=== Begin Enclosure ===

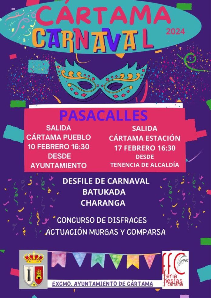 El Carnaval se celebrará el día 10 de febrero en Cártama Pueblo y dará comienzo a las 16.30 horas con un gran pasacalles que saldrá desde la Casa Consistorial. Toda la ciudadanía disfrazada recorrerá las calles del casco urbano y terminará en la Plaza de la Constitución, donde se celebrará el tradicional concurso de disfraces. A las 18.30 horas, en el escenario, actuarán la comparsa “El Circo del Sol” y la murga “La cuenta, que nos vamos”.
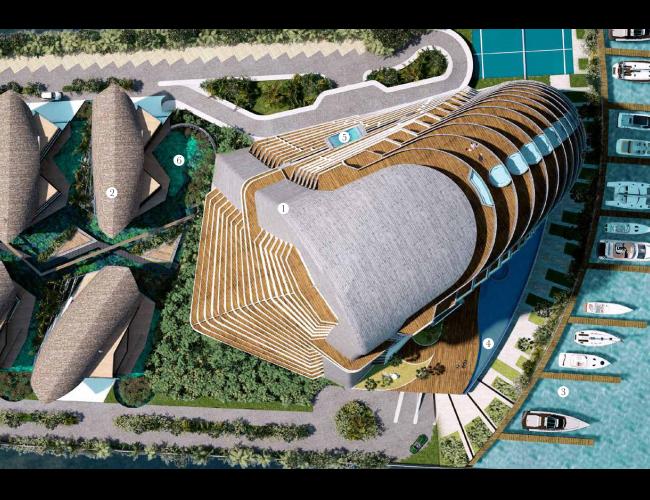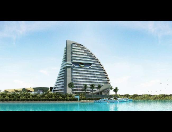la impresión de que un tiburón nada entre otros edificios en Puerto Cancun.
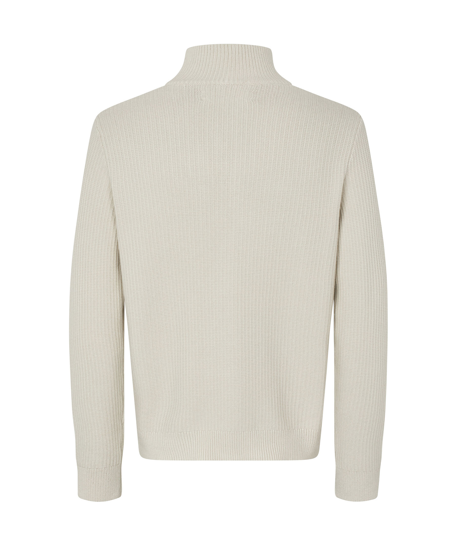 Krämvit cardigan från Samsoe Samsoe. Tröjan stängs med blixtlås framtill, är ribbstickad och har en högre krage. Mudd vid tröj- och ärmslut. Tillverkad av en viskos blandning.

=== End Enclosure ===

Work to complete:
Return each line from the material above exactly, but not the pictures.

Solution to the problem:
 El Carnaval se celebrará el día 10 de febrero en Cártama Pueblo y dará comienzo a las 16.30 horas con un gran pasacalles que saldrá desde la Casa Consistorial. Toda la ciudadanía disfrazada recorrerá las calles del casco urbano y terminará en la Plaza de la Constitución, donde se celebrará el tradicional concurso de disfraces. A las 18.30 horas, en el escenario, actuarán la comparsa “El Circo del Sol” y la murga “La cuenta, que nos vamos”.
la impresión de que un tiburón nada entre otros edificios en Puerto Cancun.
 Krämvit cardigan från Samsoe Samsoe. Tröjan stängs med blixtlås framtill, är ribbstickad och har en högre krage. Mudd vid tröj- och ärmslut. Tillverkad av en viskos blandning.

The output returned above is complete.